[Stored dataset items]
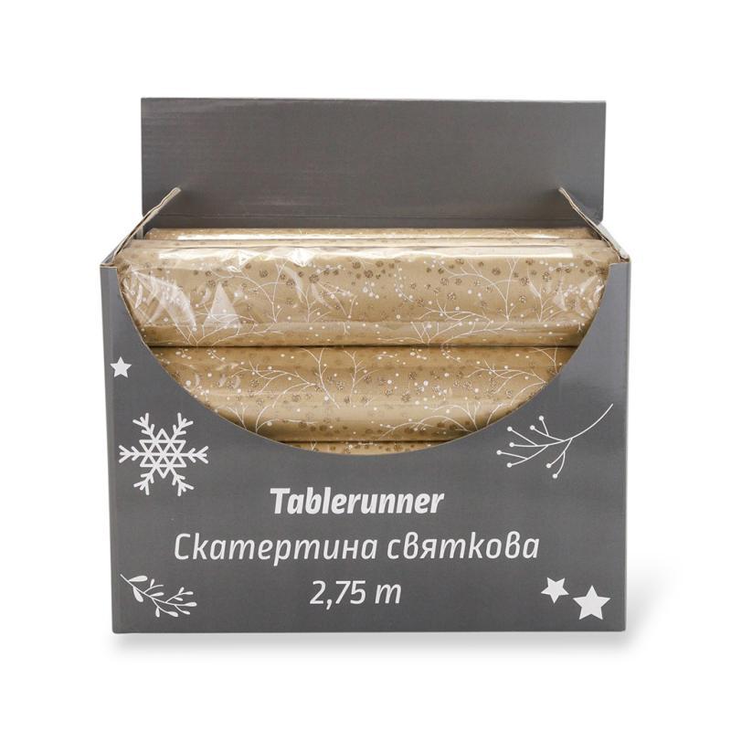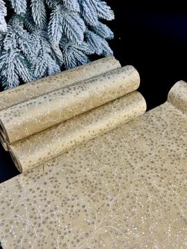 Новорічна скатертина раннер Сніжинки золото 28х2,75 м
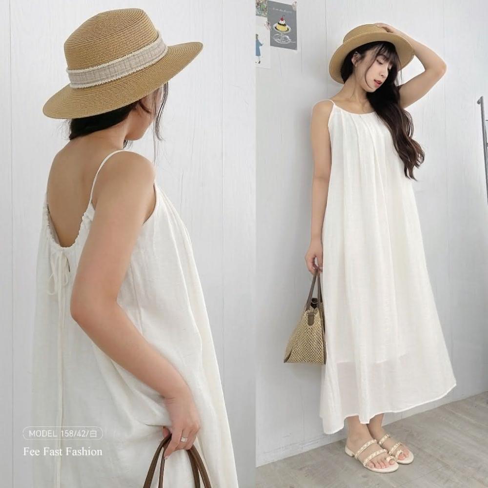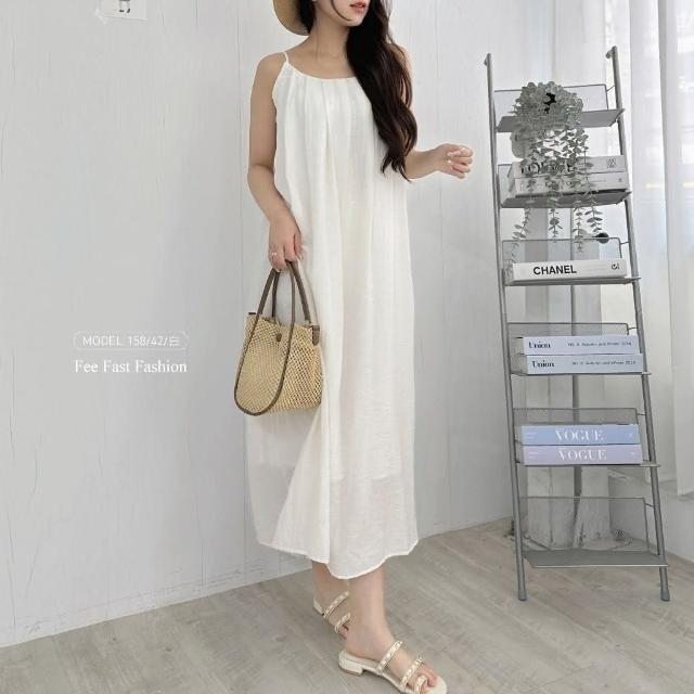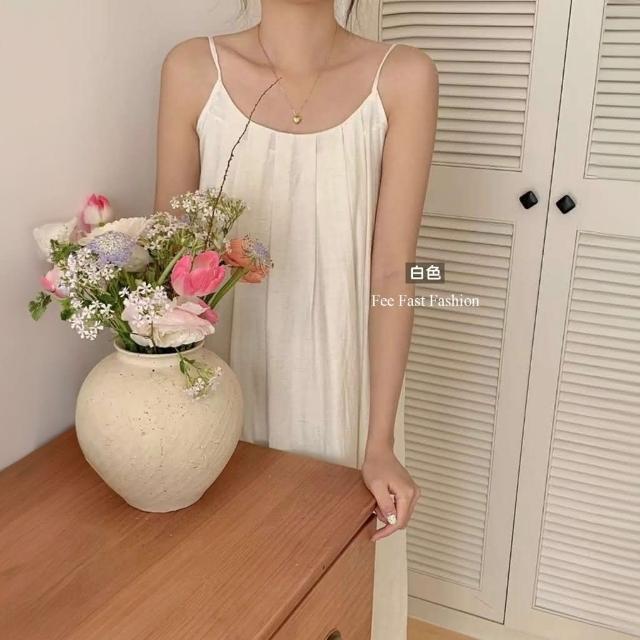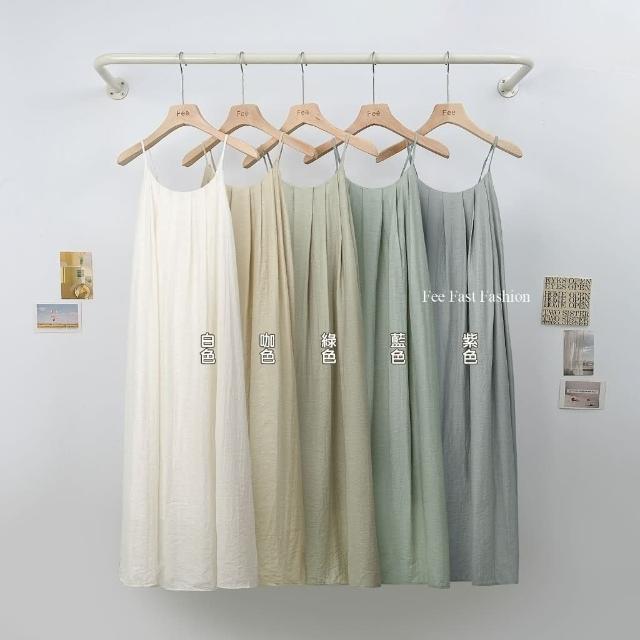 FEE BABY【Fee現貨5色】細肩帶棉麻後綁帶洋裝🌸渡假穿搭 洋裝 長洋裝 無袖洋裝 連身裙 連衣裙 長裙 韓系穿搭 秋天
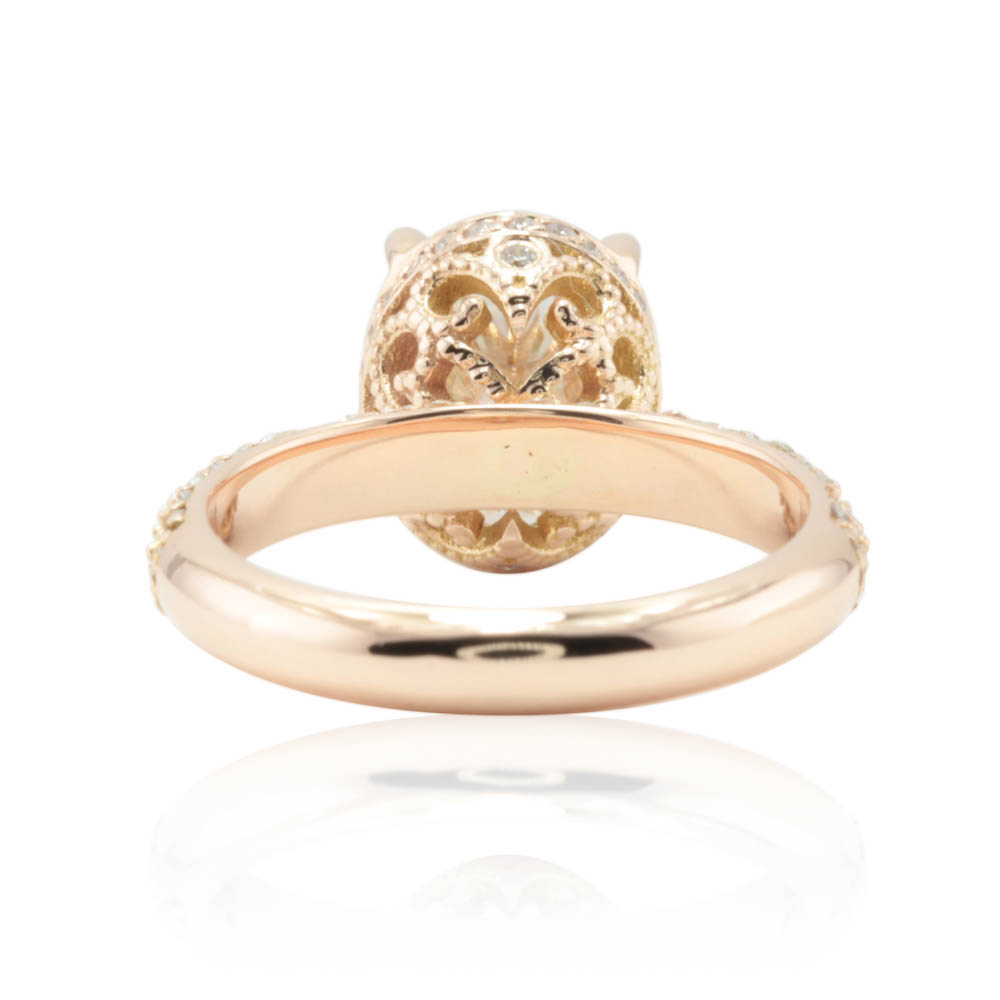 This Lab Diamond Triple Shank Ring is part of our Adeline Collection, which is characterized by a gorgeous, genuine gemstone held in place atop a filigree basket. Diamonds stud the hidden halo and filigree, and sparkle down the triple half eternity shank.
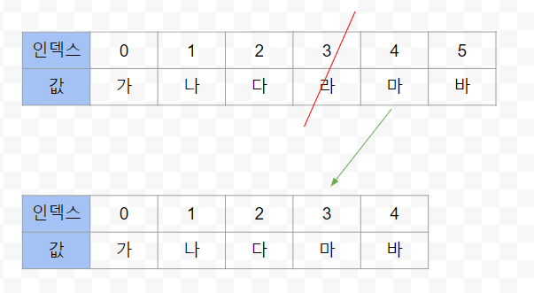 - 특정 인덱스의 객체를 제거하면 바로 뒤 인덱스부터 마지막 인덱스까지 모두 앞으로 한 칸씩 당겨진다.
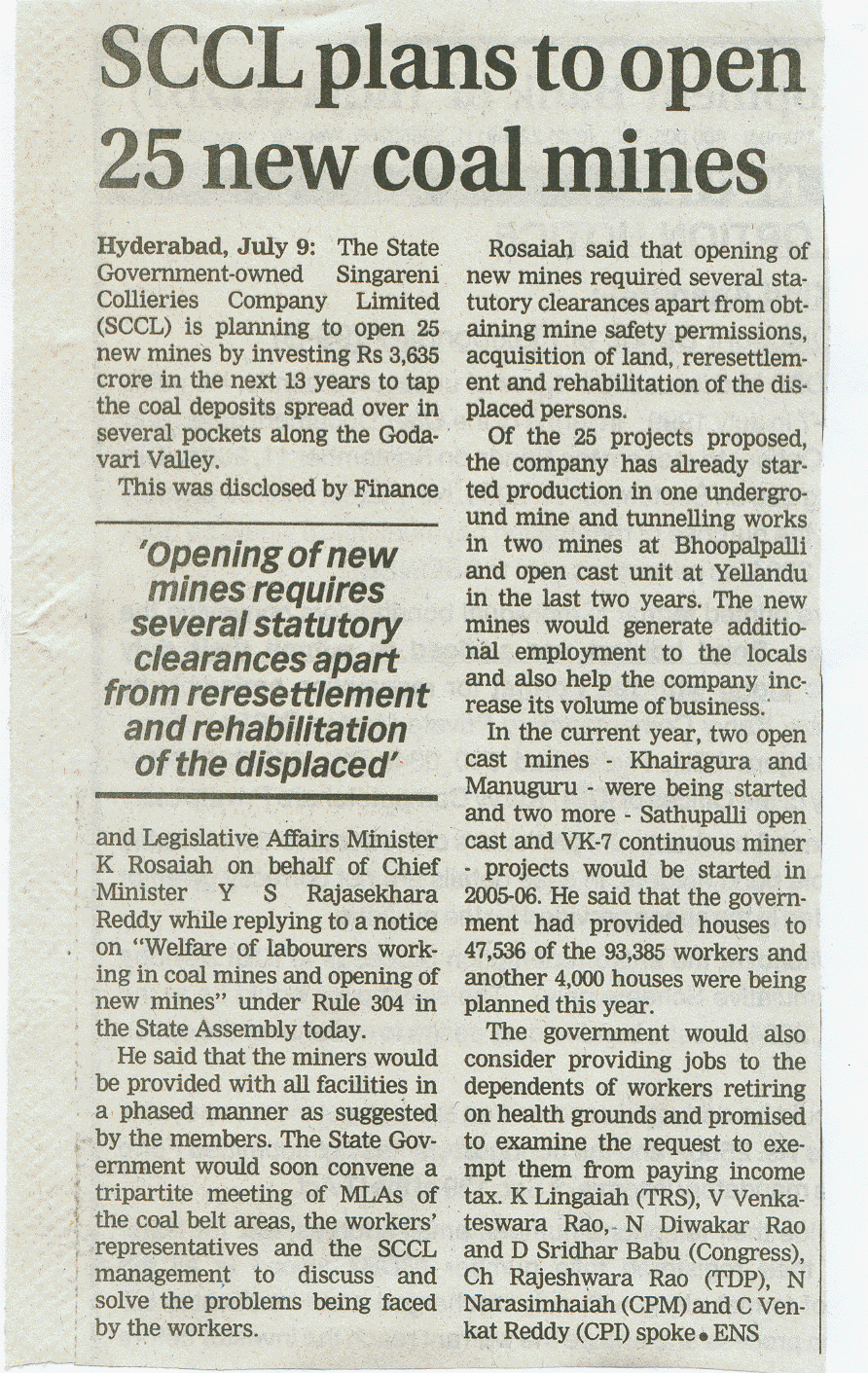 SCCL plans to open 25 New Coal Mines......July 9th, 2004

**WHAT THE EXERCISE ASKS**
Copy every record above exactly as written, but leave out the pictures.

**SOLUTION TO THE PROBLEM**
 Новорічна скатертина раннер Сніжинки золото 28х2,75 м
 FEE BABY【Fee現貨5色】細肩帶棉麻後綁帶洋裝🌸渡假穿搭 洋裝 長洋裝 無袖洋裝 連身裙 連衣裙 長裙 韓系穿搭 秋天
 This Lab Diamond Triple Shank Ring is part of our Adeline Collection, which is characterized by a gorgeous, genuine gemstone held in place atop a filigree basket. Diamonds stud the hidden halo and filigree, and sparkle down the triple half eternity shank.
 - 특정 인덱스의 객체를 제거하면 바로 뒤 인덱스부터 마지막 인덱스까지 모두 앞으로 한 칸씩 당겨진다.
 SCCL plans to open 25 New Coal Mines......July 9th, 2004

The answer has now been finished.